Книга: Двадцать лет спустя. Часть 1
Назад: ГЛАВА 3 Два старинных врага
Дальше: ГЛАВА 5 Гасконец и итальянец

ГЛАВА 4
Анна Австрийская в сорок шесть лет

Оставшись вдвоем с Бернуином, Мазарини просидел несколько минут в раздумье; теперь он знал многое, однако еще не все. Мазарини плутовал в игре; как удостоверяет Бриенн, он называл это «использовать свои преимущества». Он решил начать партию с д’Артаньяном не раньше, чем узнает все карты противника.
— Что прикажете? — спросил Бернуин.
— Посвети мне, — сказал Мазарини, — я пойду к королеве.
Бернуин взял подсвечник и пошел вперед.
Потайной ход соединял кабинет Мазарини с покоями королевы; этим коридором кардинал в любое время проходил к Анне Австрийской.
Дойдя по узкому проходу до спальни королевы, Бернуин увидел там г-жу Бове. Она и Бернуин были поверенными этой поздней любви. Г-жа Бове пошла доложить о кардинале Анне Австрийской, которая находилась в своей молельне с юным королем Людовиком XIV.
Анна Австрийская сидела в большом кресле, опершись локтем на стол, и, склонив голову на руку, смотрела на царственного ребенка, который, лежа на ковре, перелистывал толстую книгу о войнах и битвах. Анна Австрийская была королевой, умевшей скучать с царственным величием; иногда она на целые часы уединялась в своей спальне или молельне и сидела там, не читая и не молясь.
В руках короля был Квинт Курций, история Александра Македонского, с гравюрами, изображающими его великие дела.
Госпожа Бове с порога молельни доложила о кардинале Мазарини.
Ребенок приподнялся на одно колено, нахмурил брови и спросил у матери:
— Почему он входит, не испросив аудиенции?
Анна слегка покраснела.
— В такое трудное время, как теперь, — сказала она, — нужно, чтобы первый министр мог в любой час докладывать королеве обо всем, что творится, не возбуждая любопытства и пересудов придворных.
— Но Ришелье, кажется, так не входил, — настаивал ребенок.
— Как вы можете знать, что делал Ришелье? Вы были тогда совсем маленьким, вы не можете этого помнить.
— Я и не помню, но я спрашивал других, и мне так сказали.
— А кто вам это сказал? — спросила Анна с плохо скрытым неудовольствием.
— Кто? Я знаю, что не надо никогда называть тех, кто отвечает на мои расспросы, — ответил ребенок, — не то мне никто больше ничего не скажет.

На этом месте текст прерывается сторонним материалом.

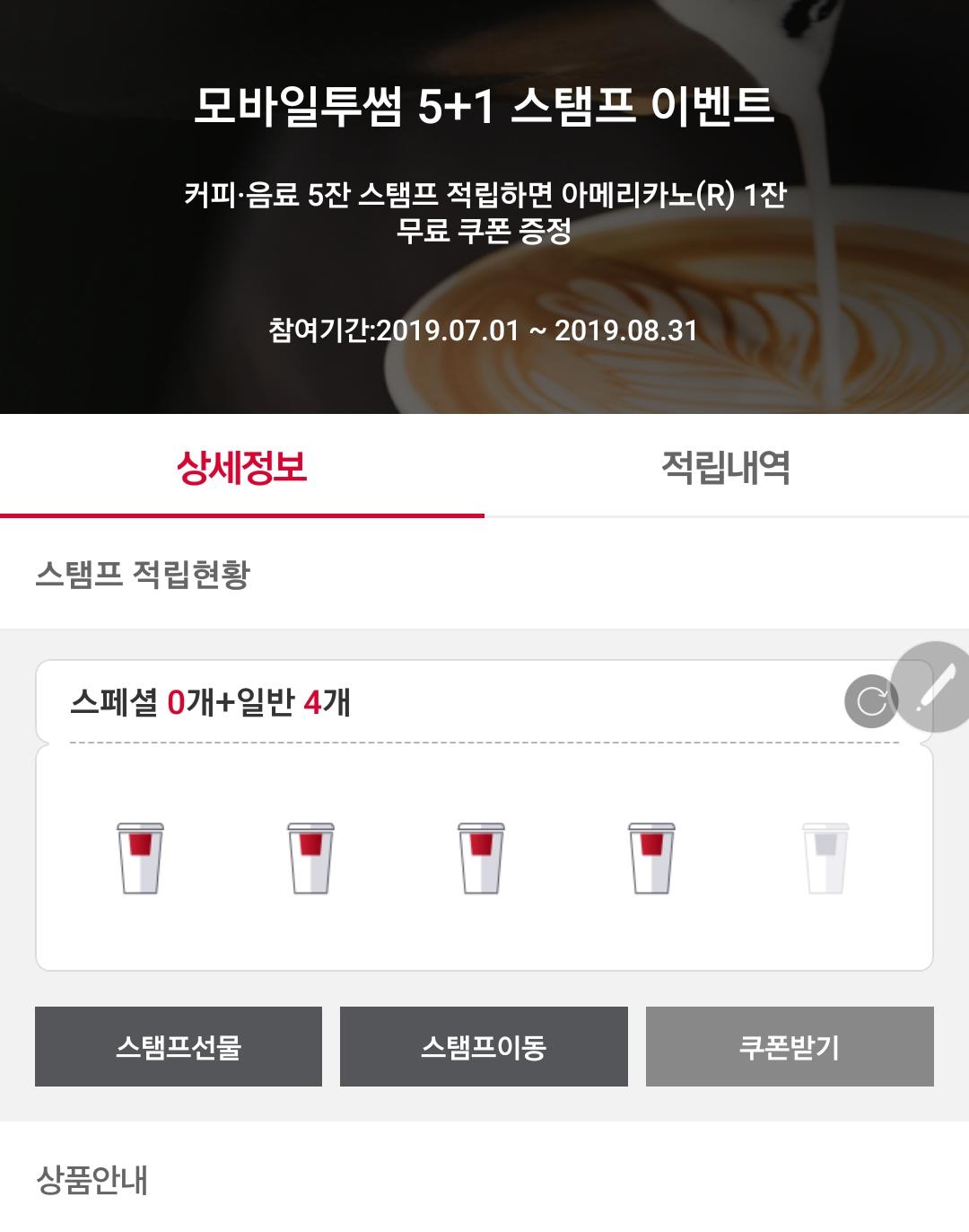 (완료)투썸 5+1 스탬프 1개 팔아주실분 구합니다!! > 자유게시판

В эту минуту вошел Мазарини. Король встал, захлопнул книгу и, положив ее на стол, продолжал стоять, чтобы заставить стоять и кардинала.
Мазарини зорко наблюдал эту сцену, пытаясь на основании ее разгадать предшествующую. Он почтительно склонился перед королевой и отвесил королю низкий поклон, на который тот ответил довольно небрежным кивком головы. Но взгляд матери упрекнул его за это проявление ненависти, которою Людовик XIV с детства проникся к кардиналу, и, в ответ на приветствие министра, он заставил себя улыбнуться.

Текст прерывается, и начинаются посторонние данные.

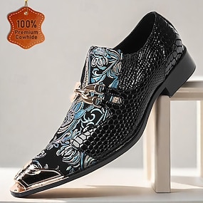 mocassins en cuir à imprimé floral pour hommes – chaussures habillées à enfiler en cuir de vachette de qualité supérieure avec chaîne en métal et embout brillant pour les fêtes et les occasions formelles
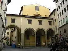 ![]() West front of Santa Felicità behind Vasari Corridor. | |
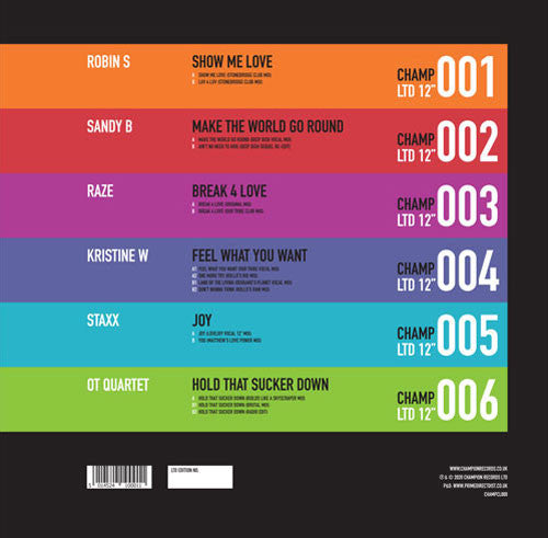 6 x 12" heavy weight vinyl boxset to celebrate 35 years of Champion Records featuring classics from the likes of Robin S, Raze, Kristine W, Staxx and OT Quartet housed in printed slipcase with spot UV, hand numbered and shrink wrapped.

Анна Австрийская старалась прочесть в лице Мазарини причину его непредвиденного посещения; обычно кардинал приходил к ней, лишь когда она оставалась одна.

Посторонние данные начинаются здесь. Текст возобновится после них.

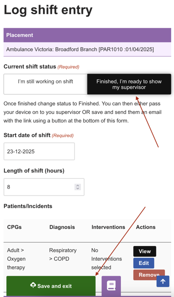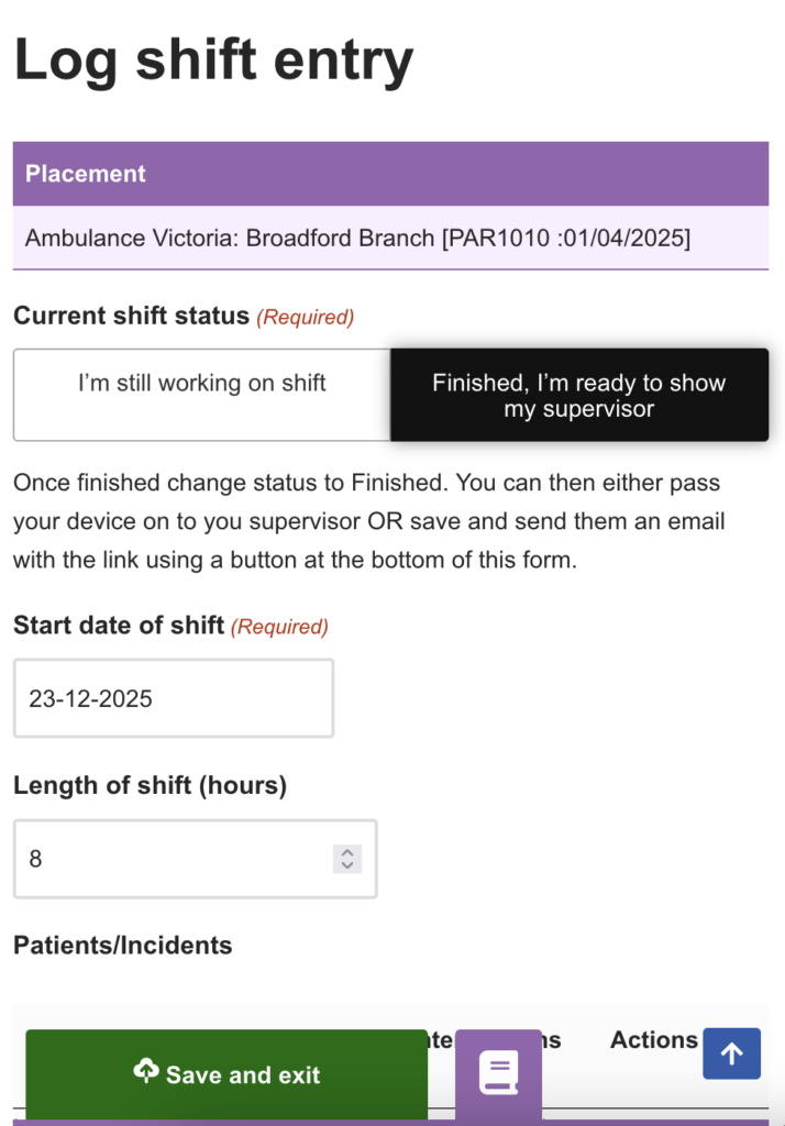 Selected the “Finished, I’m ready to show my supervisor” then click the “Save and exit” at the bottom of the screen. You will need their email address in order to send it via your student email inbox. Make sure to grab their email address before the end of your shift. You can then use the copy link button via the logbook to paste it in an email and send them an email with the link for later completion.

Министр сделал едва заметный знак головой. Королева обратилась к г-же Бове.
— Королю пора спать, — сказала она. — Позовите Ла Порта.
Королева уже раза два или три напоминала маленькому Людовику, что ему время уходить, но ребенок ласково просил позволения остаться еще. На этот раз он ничего не сказал, только закусил губу и побледнел.
Через минуту вошел Ла Порт.
Ребенок пошел прямо к нему, не поцеловав матери.
— Послушайте, Луи, почему вы не простились со мной? — спросила Анна.
— Я думал, что вы на меня рассердились, ваше величество: вы меня прогоняете.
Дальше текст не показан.